Joaquín Vidal (Crónica de la corrida de Luciano Cobaleda en Las Ventas, en el cartel José Fuentes, Galloso, y Gabriel Puerta, que confirmaba) 
 Vía: el añorado blog "Taurofilia"

"¡Eso es un toro, eso es un toro!"

Al final de la corrida, una conmoción recorrió los tendidos. Pienso que todos teníamos un nudo en la garganta. El toro, que ya había sido aclamado por su trapío al saltar a la arena, se resistía a morir de la estocada, su casta le aferraba a la vida, pugnaba por embestir. Antonio Rojas, que ya tenía ganado el triunfo, permanecía arrogante, junto a aquella cabeza de exposición, dos guadañas aceradas, que había sabido salvar en 30 pases de escalofrío. Entre la ovación restallante, surgió entonces de los magníficos aficionados de la andanada del 8 el clamor que ponía en lo alto la bandera de la verdad de esta fiesta y magnificaba el triunfo del torero: «iEso es un toro, eso es un toro!». Al instante, toda la plaza, ¡toda!, repetía el grito: «¡Eso es un toro, eso es un toro!». Tres matadores modestos, tres matadores que no tienen ni oportunidad de vestirse de luces, le echaron ayer el valor de salir al ruedo de Las Ventas a ponerse delante de una corrida de toros muy seria, tanto como se ha venido pidiendo; una de esas corridas de toros que, según dicen los del «bunker», no existe; una corrida de toros que ni por casualidad remota ha pasado por los corrales de la plaza en esos desfiles de reses a docenas que intentan trampear las figuras para sorprender la buena fe de aficionados, veterinarios y autoridad.
Joaquín Vidal ( de la crónica de la corrida celebrada en Las ventas el 27/5/1976. Toros de Luciano Cobaleda para Dámaso Gómez, El Puno y Antonio Rojas)
Foto: Toro de Luciano Cobaleda de 1979 (vía Recortes y Galleos)
A esta crónica también se hace referencia en el Opus 17 de Tierras Taurinas dedicado al encaste Vega-Villar

lunes, octubre 11, 2010

Sobre Raúl Sánchez


En la revista Taurodelta podemos leer una entrevista de José Ignacio de la Serna a Raúl Sánchez.

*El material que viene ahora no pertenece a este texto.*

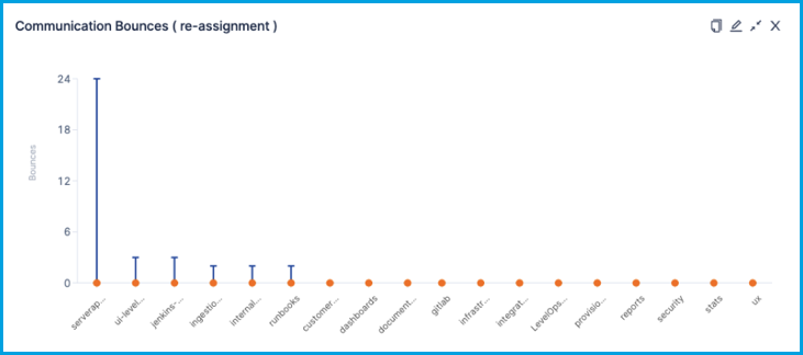 Bounce describes tickets that are reassigned to a previous assignee or return to a previous stage. Bounce can occur if an issue isn't triaged correctly initially, or if the issue doesn't have enough information to be assigned correctly. Excessive bounce can potentially cause missed SLAs and unnecessary resource utilization.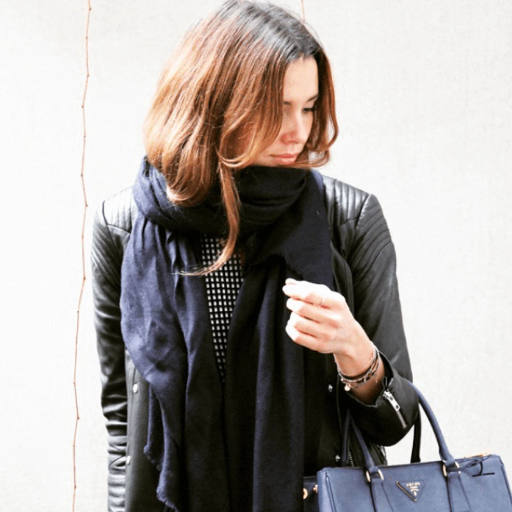 Classic jet black cashmere shawl made from finest hand-spun and hand-woven cashmere. A wardrobe essential it is a versatile accessory and marries effortlessly to neutrals as well as brights.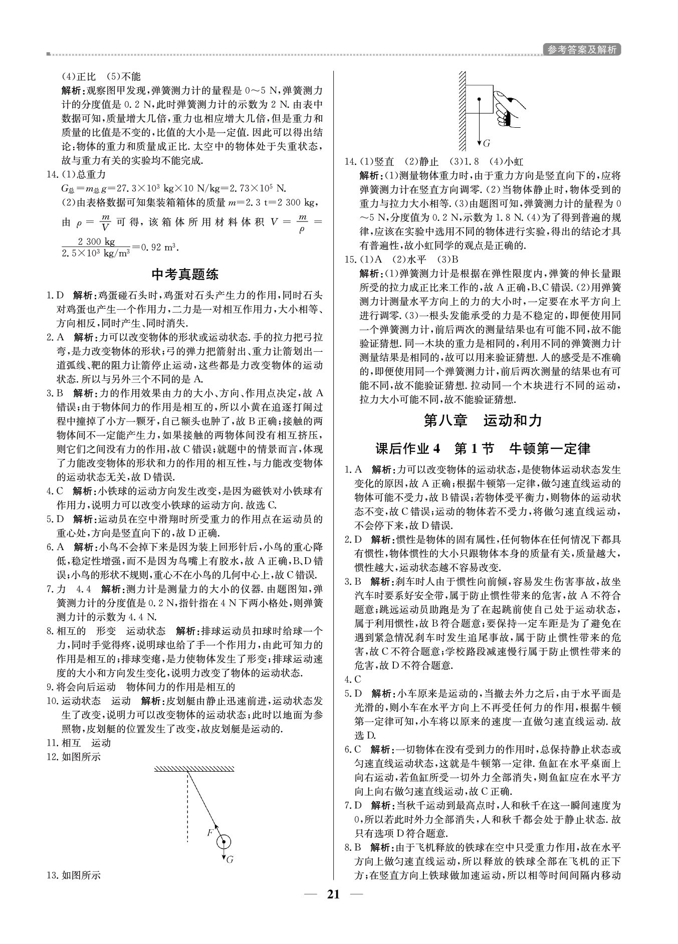 注:目前有些书本章节名称可能整理的还不是很完善,但都是按照顺序排列的,请同学们按照顺序仔细查找。练习册 2021年提分教练八年级物理下册人教版东莞专版 答案主要是用来给同学们做完题方便对答案用的,请勿直接抄袭。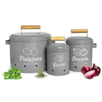 3 saklama kapları patates pot sarımsak pot soğan pot saklama kapları metal gri renk yapılmış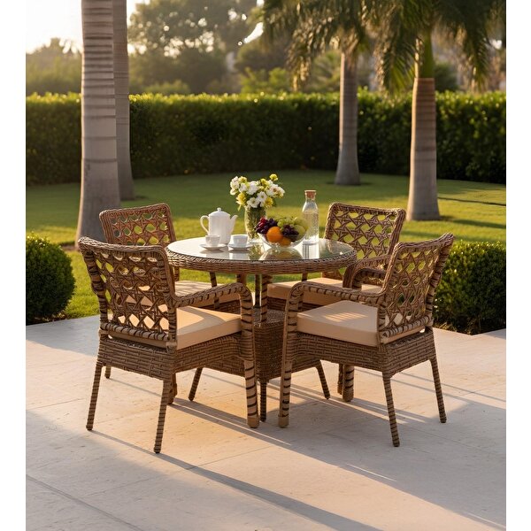 Btk Concept Alaçatı 4 Kişilik Rattan Bahçe Balkon Mutfak Masa Takımı Kahve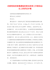 会议强调加强疫情防控,确保措施到位,保障群众健康安全,共同抗击疫情,如何更有效防控?下面是网友整理分享的在新型冠状病毒感染的肺炎防控工作紧急会议上的讲话乡镇相关资料,供大家学习参考,喜欢就分享吧!
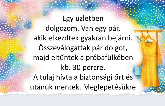 Egy nő a lányával jött vissza a próbafülkébe. A lány bement abba a fülkébe, ahol az összes ruhát találtam, és egy nadrágot keresett. Az anyja megkérdezte tőlem, hol a nadrág. Akkor jöttem rá, hogy ők hagyták ott a kupac ruhát. Odaadtam neki a nadrágot, mire azt mondta: “Elnézést, csak közben elmentünk nézelődni, azt hittük, addig senki nem fog bemenni a fülkébe.” Hogy mi?!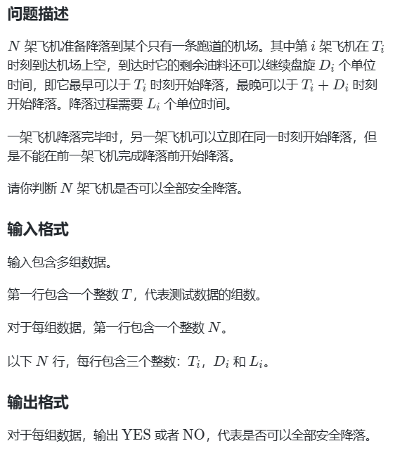 DFS板子题,唯一需要注意的点在于当前飞机的最早降落时间是取上一架飞机的降落时间和当前飞机的到达时间的最大值,即 t 当前飞机开始降落时间 = m a x ( t 上一架飞机完全降落 , t 当前飞机到达机场 ) t_{当前飞机开始降落时间}=max(t_{上一架飞机完全降落},t_{当前飞机到达机场}) t当前飞机开始降落时间=max(t上一架飞机完全降落,t当前飞机到达机场)。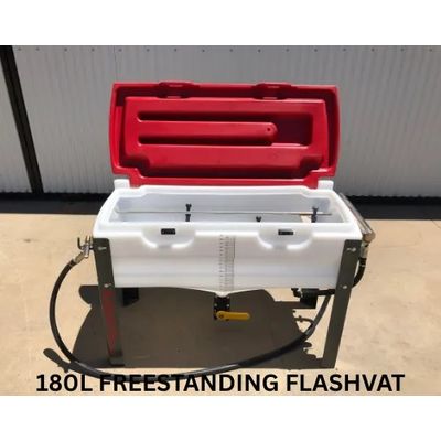 FLASHVATS can be made in a range of sizes, including 300L, 800L and the most common 180L capacity. Standard features within the chemical mixing vat include an agitation nozzle, a vat rinse nozzle and a drum rinse nozzle. The larger-sized vats have larger agitation and suction points. The 800L vat has 2x 1 1/4" agitators for rapid dissolving of granules and powders. These functions are controlled by a stainless steel manifold with taps that are within easy reach of the operator.
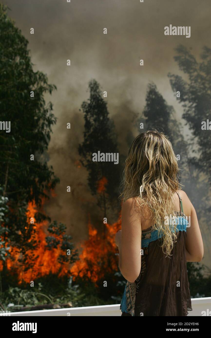 A Woman Looks At A Forest Fire In The Outskirts Of Penafiel City In Northern Portugal August 7 2005 Drought Stricken Portugal Is Deploying Troops To Support Weary Fire Crews Battling 22 Forest

Les enlazo a la misma ( tiene formato pdf).
Al tiempo copio unas lineas de una crónica de Joaquín Vidal sobre la tarde del 30 de septiembre de 1979 en Las Ventas, tarde en que se lidiaron toros de Luciano Cobaleda:
El argumento que suelen emplear los responsables de la injusticia es así de sibilino: De acuerdo; Raúl Sánchez puede con los toracos, pero en cuanto le sacas uno de almíbar, al estilo de los que utilizan las figuras, no sabe qué hacer con él y fracasa. Lo cual es el colmo del cinismo, puesto que la proposición hay que hacerla exactamente al revés: son las figuras las que están obligadas a torear el toro con fortaleza, edad y en puntas, no Raúl Sánchez el torucho del fraude.